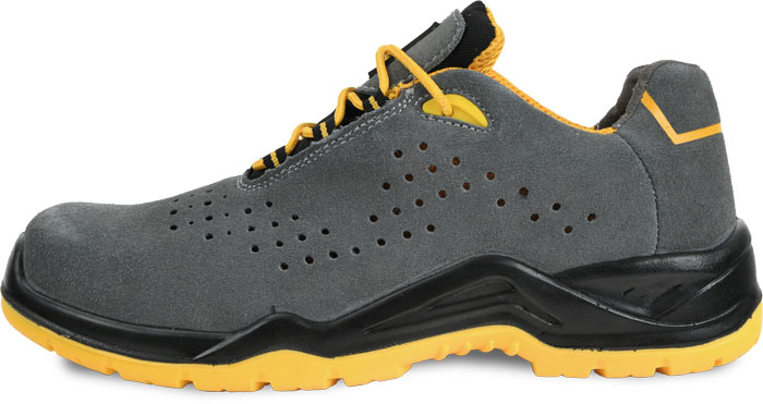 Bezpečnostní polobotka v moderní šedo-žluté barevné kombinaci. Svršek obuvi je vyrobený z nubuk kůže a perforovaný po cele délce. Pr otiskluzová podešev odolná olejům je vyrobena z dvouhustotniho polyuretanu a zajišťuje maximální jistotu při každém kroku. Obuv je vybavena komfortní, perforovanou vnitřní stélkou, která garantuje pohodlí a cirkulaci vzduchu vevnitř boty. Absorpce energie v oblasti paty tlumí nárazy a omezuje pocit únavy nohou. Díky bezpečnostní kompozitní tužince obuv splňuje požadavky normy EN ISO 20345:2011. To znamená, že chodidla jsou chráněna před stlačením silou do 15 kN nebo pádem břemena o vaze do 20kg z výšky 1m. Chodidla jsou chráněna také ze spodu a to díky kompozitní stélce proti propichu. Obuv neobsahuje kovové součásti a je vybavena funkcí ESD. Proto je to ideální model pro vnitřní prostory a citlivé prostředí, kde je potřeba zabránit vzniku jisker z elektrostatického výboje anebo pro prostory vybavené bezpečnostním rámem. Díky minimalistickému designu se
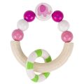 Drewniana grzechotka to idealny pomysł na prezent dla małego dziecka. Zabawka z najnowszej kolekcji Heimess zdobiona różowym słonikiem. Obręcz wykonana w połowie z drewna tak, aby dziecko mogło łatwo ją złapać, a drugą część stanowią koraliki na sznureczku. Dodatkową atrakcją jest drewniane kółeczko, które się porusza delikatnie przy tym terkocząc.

---

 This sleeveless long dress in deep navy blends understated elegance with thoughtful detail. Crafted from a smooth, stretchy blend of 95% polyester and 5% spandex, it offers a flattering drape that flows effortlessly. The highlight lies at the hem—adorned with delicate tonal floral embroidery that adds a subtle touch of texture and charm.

- ABOUT THIS EXERCISE -
Using the data above, return the lines from the one holding "Bezpečnostní polobotka v" through the one holding "Drewniana grzechotka to" exactly, but not the pictures.

- RESULT OF THE TASK -
 Bezpečnostní polobotka v moderní šedo-žluté barevné kombinaci. Svršek obuvi je vyrobený z nubuk kůže a perforovaný po cele délce. Pr otiskluzová podešev odolná olejům je vyrobena z dvouhustotniho polyuretanu a zajišťuje maximální jistotu při každém kroku. Obuv je vybavena komfortní, perforovanou vnitřní stélkou, která garantuje pohodlí a cirkulaci vzduchu vevnitř boty. Absorpce energie v oblasti paty tlumí nárazy a omezuje pocit únavy nohou. Díky bezpečnostní kompozitní tužince obuv splňuje požadavky normy EN ISO 20345:2011. To znamená, že chodidla jsou chráněna před stlačením silou do 15 kN nebo pádem břemena o vaze do 20kg z výšky 1m. Chodidla jsou chráněna také ze spodu a to díky kompozitní stélce proti propichu. Obuv neobsahuje kovové součásti a je vybavena funkcí ESD. Proto je to ideální model pro vnitřní prostory a citlivé prostředí, kde je potřeba zabránit vzniku jisker z elektrostatického výboje anebo pro prostory vybavené bezpečnostním rámem. Díky minimalistickému designu se
 Drewniana grzechotka to idealny pomysł na prezent dla małego dziecka. Zabawka z najnowszej kolekcji Heimess zdobiona różowym słonikiem. Obręcz wykonana w połowie z drewna tak, aby dziecko mogło łatwo ją złapać, a drugą część stanowią koraliki na sznureczku. Dodatkową atrakcją jest drewniane kółeczko, które się porusza delikatnie przy tym terkocząc.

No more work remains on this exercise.